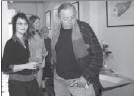
Marsibil sýnir nú í fyrsta sinn á Ísafirði.
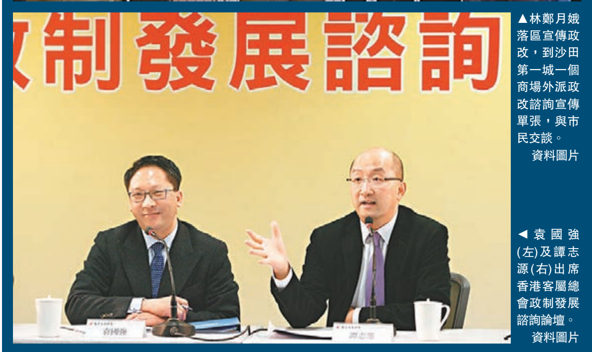
▲林鄭月娥落區宣傳政改，到沙田第一城一個商場外派政改諮詢宣傳單張，與市民交談。資料圖片
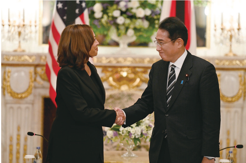
■ 哈里斯与岸田会晤
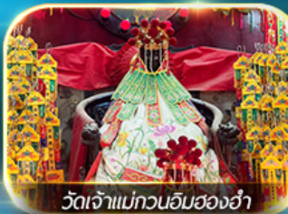
วัดเจ้าแม่ทวนอิมฮ่องกง
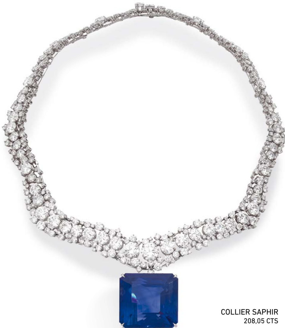
COLLIER SAPHIR 208,05 CTS
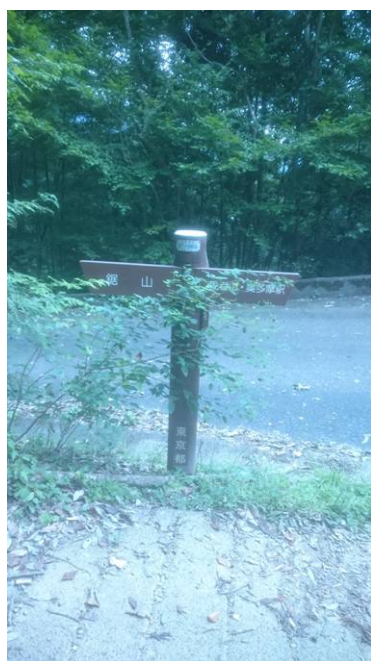
神社裏側に駐車場があった
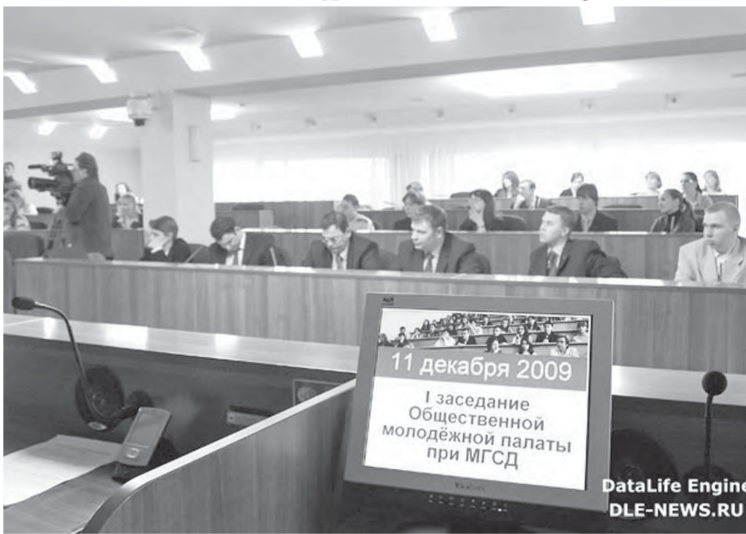
● За девять месяцев с момента первого заседания родился полноценный молодежный парламент.
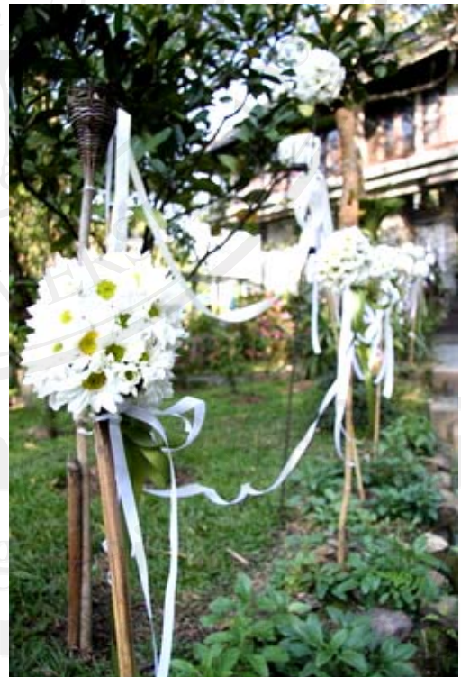
บริการออกแบบ และจัดเตรียมด้านการตกแต่งดอกไม้
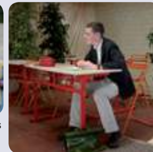
Plus vrai que nature !

§

• TASK BRIEF: Return only what lies between the line containing "COLLIER SAPHIR 208,05 CTS" and the last line of the listing, those two lines included, exactly as written and with no pictures.

• REPLY:
COLLIER SAPHIR 208,05 CTS
神社裏側に駐車場があった
● За девять месяцев с момента первого заседания родился полноценный молодежный парламент.
บริการออกแบบ และจัดเตรียมด้านการตกแต่งดอกไม้
Plus vrai que nature !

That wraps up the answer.